Cообщи

Тийна Кауквере: в школе меня учили, что эстонцы сильно отличаются от русских (12)

Обращаем ваше внимание, что статье более пяти лет и она находится в нашем архиве. Мы не несем ответственности за содержание архивов, таким образом, может оказаться необходимым ознакомиться и с более новыми источниками.
Copy
Тийна Кауквере.
Тийна Кауквере. Фото: Helen Marts

У меня нет русских друзей, признается журналист Postimees – и задается вопросом, почему эстонская и русская общины нашей страны настолько далеки друг от друга.

Честно, нет. Знакомые есть, а близких друзей – нет. Несмотря на то, что я несколько лет ходила в родном городе в школу, в которой была большая доля русскоязычных учеников. Иногда я даже забывала, что в этом городе была еще и русская школа – несколько классов моих ровесников. Мы не общались.

И вот теперь я живу в Таллинне, почти треть населения которого составляют русские. В моем ближнем кругу их нет. Я слышу русскую речь, когда хожу по городу, соприкасаюсь с ними по работе, но по большому счету это и всё. Я этих людей не знаю.

Был ли это мой сознательный выбор? Если честно, нет. Я далека от ксенофобии. Напротив, круг моих друзей очень пестр. Осознание того, что среди них нет русских, сильно поразило меня саму, когда я однажды выполняла журналистское задание в Ласнамяэ. Раньше я этого вообще не замечала.

Нет русских и среди друзей моих друзей. Даже у тех, кто вырос в Ласнамяэ. Да, есть знакомые, есть друзья в смешанных семьях, но неужели дружба между русскоязычным и эстоноязычным человеком - такой редкий феномен?

У нас в доме есть русская редакция, но многие не знают, на каком этаже она находится.

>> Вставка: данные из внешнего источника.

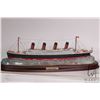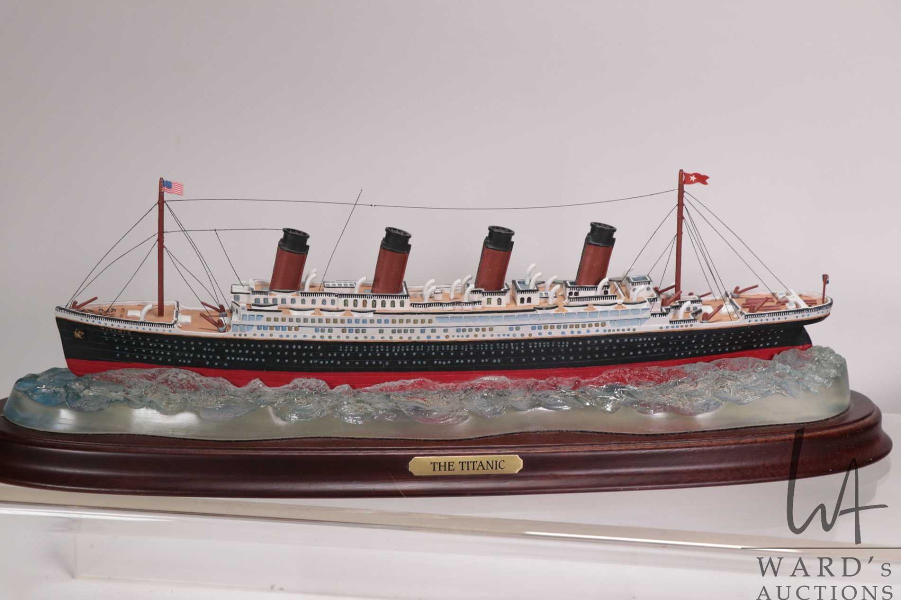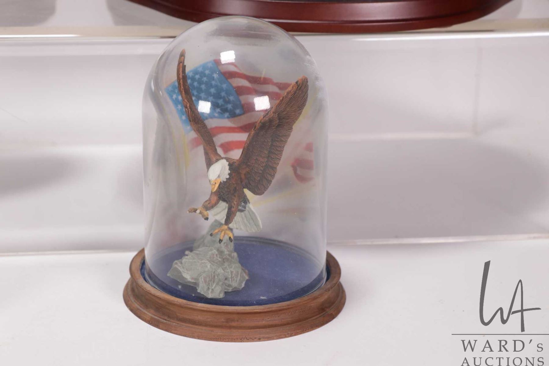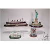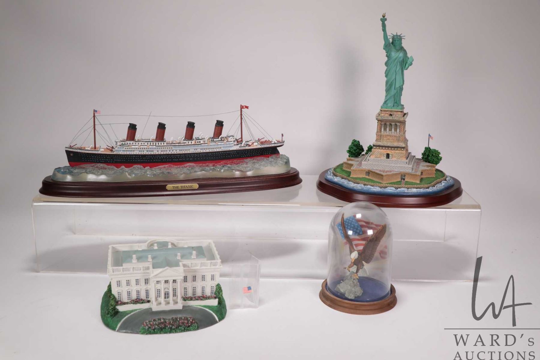 Selection of resin United States themed statues including White House, Statue of Liberty and a Titanic ship, all made by Danbury plus an American eagle under bell cloche

Видимо, эстонская и русская общины очень разные. По крайней мере, я об этом слышала сызмальства. В школе меня учили, что я, эстонка, сильно отличаюсь от русских. Я – индивидуалистка, русские – коллективисты. Я замкнута и интровертна, русские – эмоциональные экстраверты. Мы принципиально противоположны и поэтому нам сложно поладить в одном обществе. Это объяснение я слышу до сих пор – простое оправдание столь многим проблемам.

У меня чувство, что из-за этого заученного оправдания я на деле чего-то лишилась. Убедив себя в том, что живущая в Эстонии русская община от меня отличается, я создала для себя некое препятствие.

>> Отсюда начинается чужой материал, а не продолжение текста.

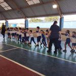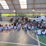 No período da tarde o “Projeto Escola Arteris – Trânsito Seguro no Bairro” contou novamente com a Secretaria Municipal de Ordem Pública, que elaborou ações educativas e colocou em pratica com os nossos alunos das turmas do 1º ano, infantil 4 A e as turma do Infantil 5 A e B, com objetivo de incentivar a formação de cidadãos conscientes no trânsito desde a primeira infância. Os gerentes de Educação para o Trânsito, desenvolveram as atividades mais direcionadas ao público infantil, com brincadeiras educativas, como o circuito com semáforo e placas e o tabuleiro com frases de conscientização sobre o trânsito, ensinando a responsabilidade que se deve ter no trânsito com respeito e obediência à sinalização. Iniciaram com uma roda de conversa, na sequencia um guarda fez a brincadeira do trenzinho, outro agente vestiu um semáforo para simular com as turmas (pare, atenção e siga em frente) e depois levaram os alunos na atividade expositiva subiram na moto e no carro do guarda do trânsito, tiveram oportunidade de apreciar e observar a roupa e equipamentos do agente de trânsito. foi uma tarde maravilhosa com nossos pequenos e com os agentes de trânsito do nosso município. As professoras em sala montaram um carrinho (infantil 4 A), as turmas do infantil 5 brincaram com a música do ônibus e montaram um automóvel com recorte e colagem em papel, já turma do primeiro ano fez um texto sobre o semáforo.

Я вполне уверена, что русские точно так же считают в своей среде, что с эстонцами у них общего очень немного.

К счастью, в этом году мне как журналисту довелось общаться со многими эстонскими русскими. Невзирая на наличие некоторого языкового барьера, я успешно общалась с ровесниками. Наши проблемы и желания похожи.

То, что мы разные и хотим разного, – удобная парадигма, в которой живет сейчас всё общество Эстонии. Никто не хочет даже спросить, насколько эта парадигма соотносится с реальностью. Не говоря уже о том, чтобы приложить усилия и на этот вопрос ответить. Все смирились, потому что так было всегда. Мое поколение эту истину просто выучило.

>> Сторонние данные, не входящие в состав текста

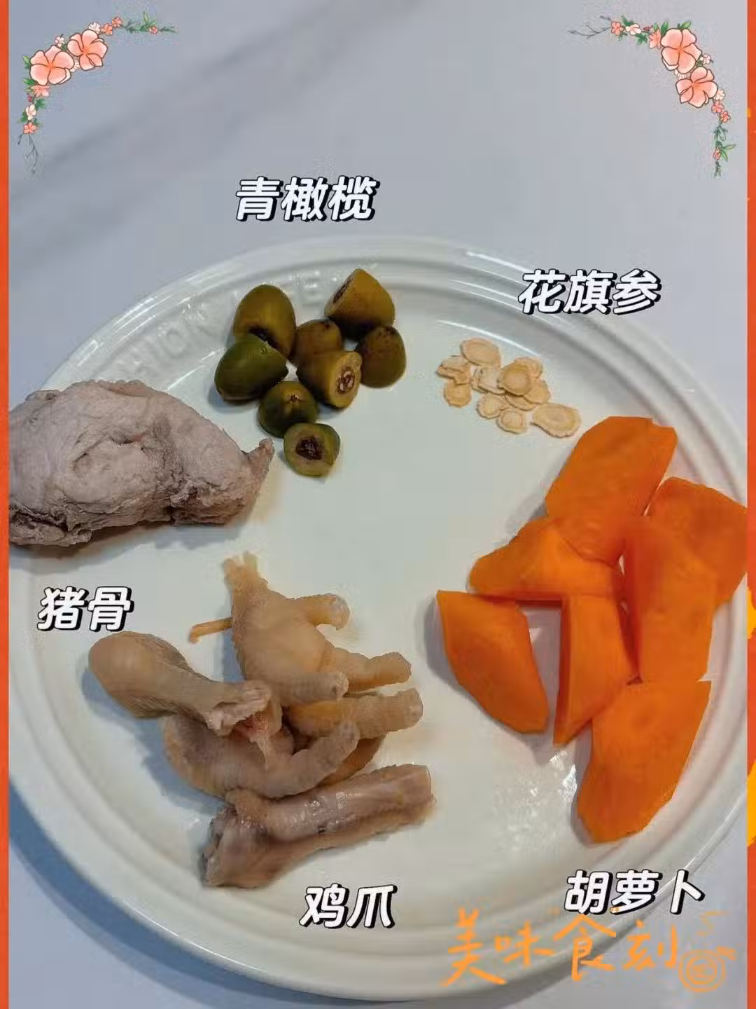 花旗參片10克、青橄欖8顆、豬骨300克、雞爪6隻、胡蘿蔔1根、蜜棗1顆

Миф продолжает жить, и политические силы, которые могли бы выйти за его пределы, скорее помогают продлевать его жизнь. Партия реформ пугает эстонцев русскими, Центристская партия – русских эстонцами. Ни той, ни другой исчезновение противопоставления невыгодно – оно сделалось частью партийной самоидентификации. Им не нужны единая Эстония и единые эстоноземельцы, потому что такой Эстонии и таким эстоноземельцам реформисты и центристы будут не нужны.